▸ **PROBLEM REQUIREMENTS**
In the records below, find the line with "Sotto: Relitti delle" and repeat exactly every line from it through the line with "This collection gathers". Pictures stay out.

▸ **THE RECORDS**
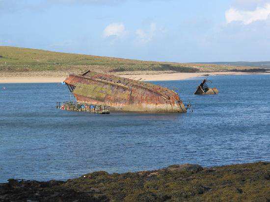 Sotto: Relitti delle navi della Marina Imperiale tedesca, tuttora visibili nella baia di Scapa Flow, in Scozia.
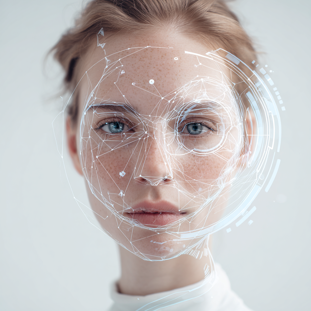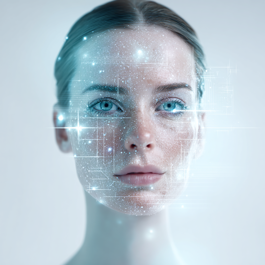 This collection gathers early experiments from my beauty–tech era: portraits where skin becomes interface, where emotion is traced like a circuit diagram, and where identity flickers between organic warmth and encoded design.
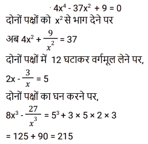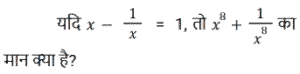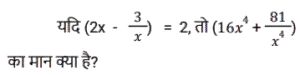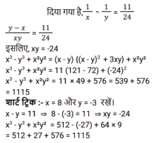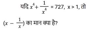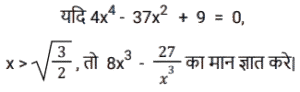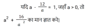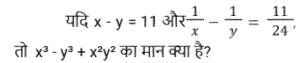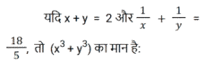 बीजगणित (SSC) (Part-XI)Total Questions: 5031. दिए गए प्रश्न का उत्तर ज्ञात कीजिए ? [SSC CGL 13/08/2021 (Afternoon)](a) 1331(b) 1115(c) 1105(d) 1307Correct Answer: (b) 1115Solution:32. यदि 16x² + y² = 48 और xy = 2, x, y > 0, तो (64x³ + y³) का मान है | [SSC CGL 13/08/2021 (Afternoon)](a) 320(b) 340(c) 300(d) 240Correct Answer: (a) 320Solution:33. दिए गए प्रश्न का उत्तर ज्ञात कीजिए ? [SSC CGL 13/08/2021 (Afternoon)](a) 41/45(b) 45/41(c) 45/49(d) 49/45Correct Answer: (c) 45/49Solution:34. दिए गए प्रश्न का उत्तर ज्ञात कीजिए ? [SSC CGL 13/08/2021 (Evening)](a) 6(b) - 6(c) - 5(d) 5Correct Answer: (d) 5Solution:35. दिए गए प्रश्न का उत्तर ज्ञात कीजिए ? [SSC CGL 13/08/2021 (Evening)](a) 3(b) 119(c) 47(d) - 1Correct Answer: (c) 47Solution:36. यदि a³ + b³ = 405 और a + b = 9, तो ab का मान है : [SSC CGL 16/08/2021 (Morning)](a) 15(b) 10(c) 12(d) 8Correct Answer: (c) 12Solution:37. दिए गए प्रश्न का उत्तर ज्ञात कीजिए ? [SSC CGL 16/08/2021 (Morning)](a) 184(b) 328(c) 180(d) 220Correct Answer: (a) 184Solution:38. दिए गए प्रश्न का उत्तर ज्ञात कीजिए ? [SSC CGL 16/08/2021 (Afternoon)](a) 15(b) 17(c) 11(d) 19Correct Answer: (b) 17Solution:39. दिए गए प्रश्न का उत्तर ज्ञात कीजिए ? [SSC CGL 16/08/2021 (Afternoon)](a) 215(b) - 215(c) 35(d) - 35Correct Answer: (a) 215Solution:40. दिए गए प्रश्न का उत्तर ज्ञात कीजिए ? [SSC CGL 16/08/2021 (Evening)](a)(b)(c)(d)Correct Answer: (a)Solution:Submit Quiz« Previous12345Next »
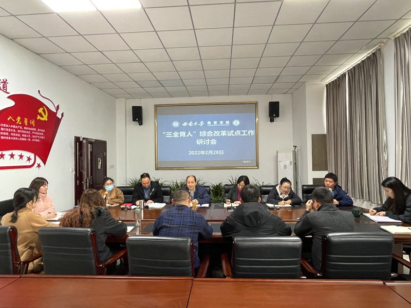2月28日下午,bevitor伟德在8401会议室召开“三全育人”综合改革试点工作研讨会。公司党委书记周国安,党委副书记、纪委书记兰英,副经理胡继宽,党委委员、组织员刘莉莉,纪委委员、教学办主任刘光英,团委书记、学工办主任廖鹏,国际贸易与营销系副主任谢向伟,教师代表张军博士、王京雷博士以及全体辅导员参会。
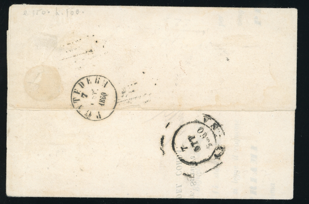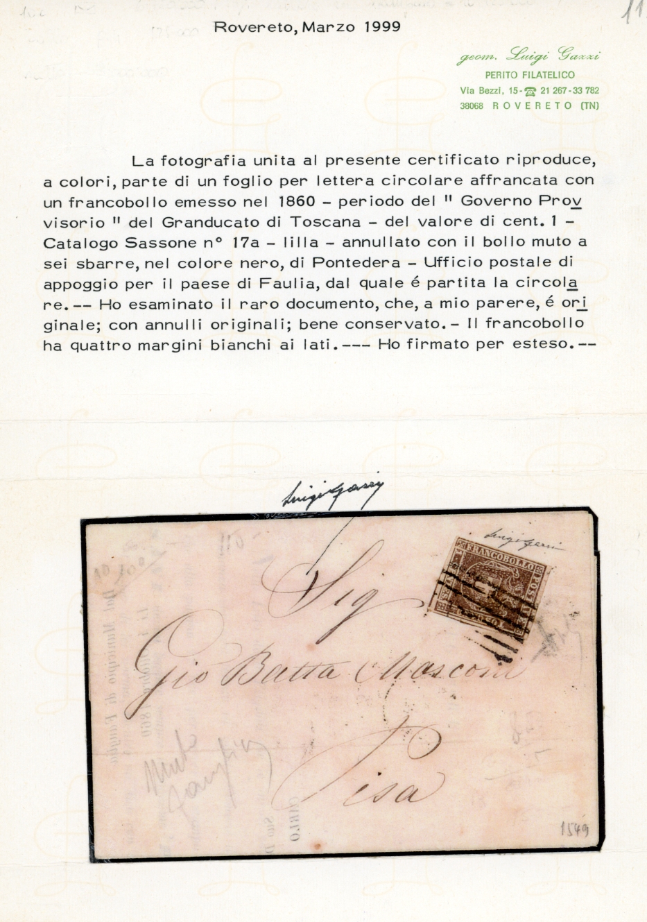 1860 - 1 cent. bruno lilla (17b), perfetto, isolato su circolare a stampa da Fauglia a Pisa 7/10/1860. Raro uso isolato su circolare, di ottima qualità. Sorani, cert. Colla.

* * *

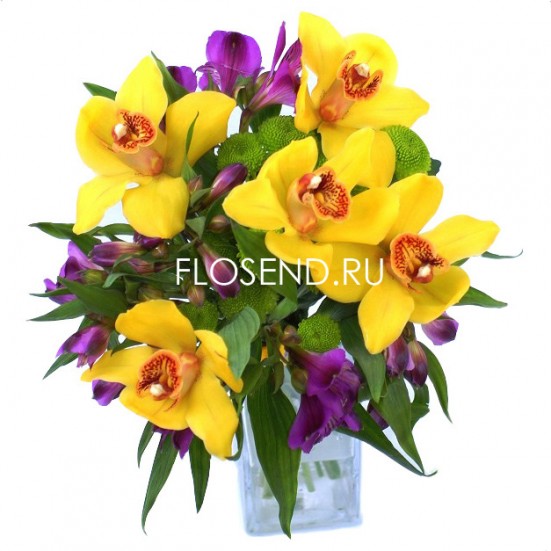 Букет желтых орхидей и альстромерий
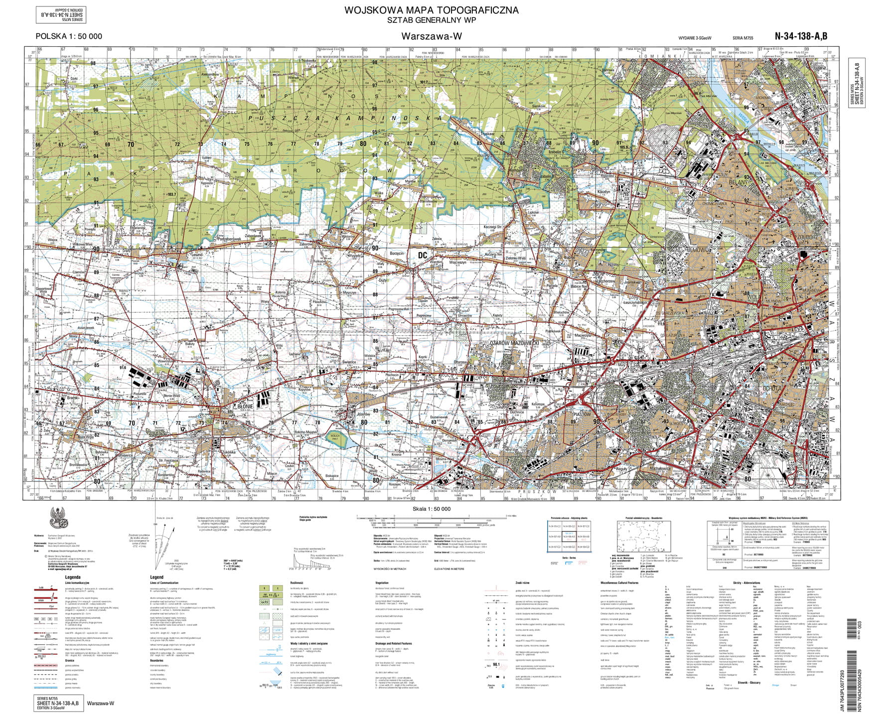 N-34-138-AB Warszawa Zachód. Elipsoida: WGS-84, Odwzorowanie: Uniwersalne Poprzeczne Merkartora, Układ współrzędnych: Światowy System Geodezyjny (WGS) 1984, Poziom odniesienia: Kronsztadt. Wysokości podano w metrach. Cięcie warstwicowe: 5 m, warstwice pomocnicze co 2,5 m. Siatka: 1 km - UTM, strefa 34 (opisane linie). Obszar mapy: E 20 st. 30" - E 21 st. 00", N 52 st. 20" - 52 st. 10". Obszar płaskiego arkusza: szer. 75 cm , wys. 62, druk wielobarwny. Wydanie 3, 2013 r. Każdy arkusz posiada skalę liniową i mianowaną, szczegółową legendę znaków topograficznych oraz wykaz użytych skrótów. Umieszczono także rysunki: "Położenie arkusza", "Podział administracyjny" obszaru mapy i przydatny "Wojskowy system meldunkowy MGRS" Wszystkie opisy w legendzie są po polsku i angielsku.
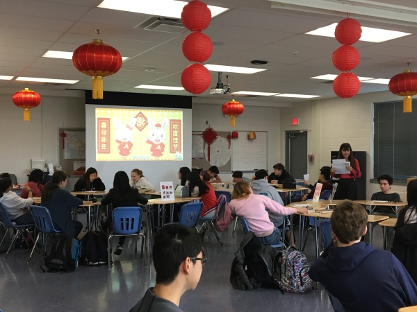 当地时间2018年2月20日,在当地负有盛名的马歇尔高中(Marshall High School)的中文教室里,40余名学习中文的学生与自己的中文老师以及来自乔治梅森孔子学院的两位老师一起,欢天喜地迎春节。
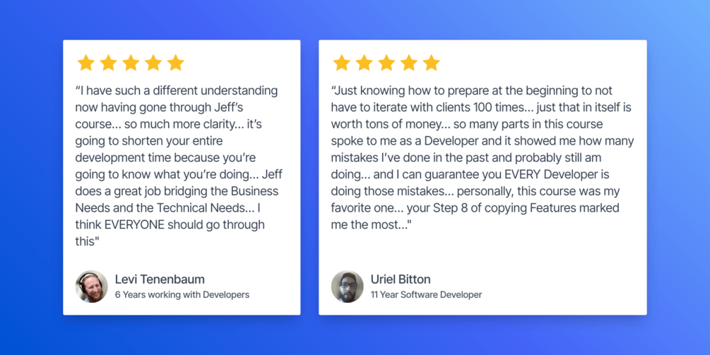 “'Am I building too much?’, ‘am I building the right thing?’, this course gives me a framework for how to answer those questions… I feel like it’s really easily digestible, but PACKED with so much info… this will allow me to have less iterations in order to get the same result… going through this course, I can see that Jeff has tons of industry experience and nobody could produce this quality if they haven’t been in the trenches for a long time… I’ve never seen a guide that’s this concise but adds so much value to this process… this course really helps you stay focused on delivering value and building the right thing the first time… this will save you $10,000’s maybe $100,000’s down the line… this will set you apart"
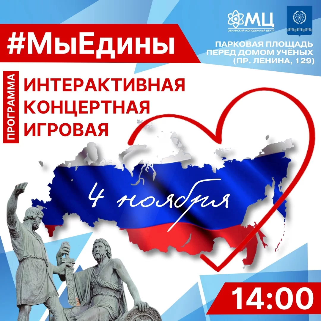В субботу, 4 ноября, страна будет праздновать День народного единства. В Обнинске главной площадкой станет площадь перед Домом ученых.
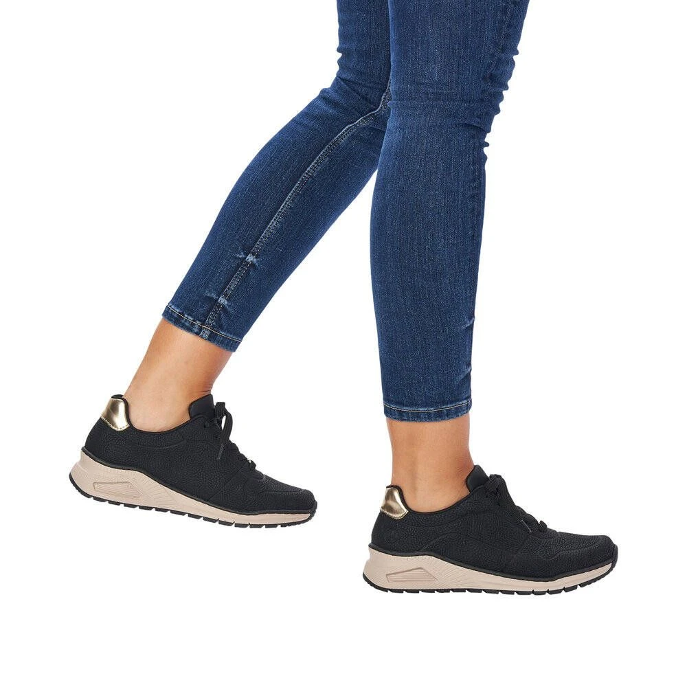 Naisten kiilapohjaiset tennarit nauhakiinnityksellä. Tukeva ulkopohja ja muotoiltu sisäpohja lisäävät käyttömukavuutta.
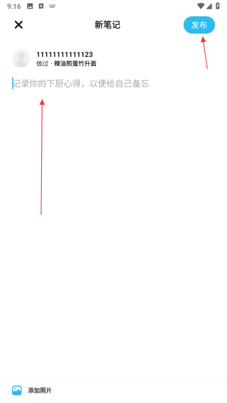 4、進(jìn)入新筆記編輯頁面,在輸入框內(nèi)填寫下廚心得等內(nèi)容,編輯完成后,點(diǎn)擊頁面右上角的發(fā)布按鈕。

* * *

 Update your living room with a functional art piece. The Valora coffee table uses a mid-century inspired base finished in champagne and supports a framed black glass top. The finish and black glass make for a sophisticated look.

▸ **RESPONSE TO THIS EXERCISE**
 Sotto: Relitti delle navi della Marina Imperiale tedesca, tuttora visibili nella baia di Scapa Flow, in Scozia.
 This collection gathers early experiments from my beauty–tech era: portraits where skin becomes interface, where emotion is traced like a circuit diagram, and where identity flickers between organic warmth and encoded design.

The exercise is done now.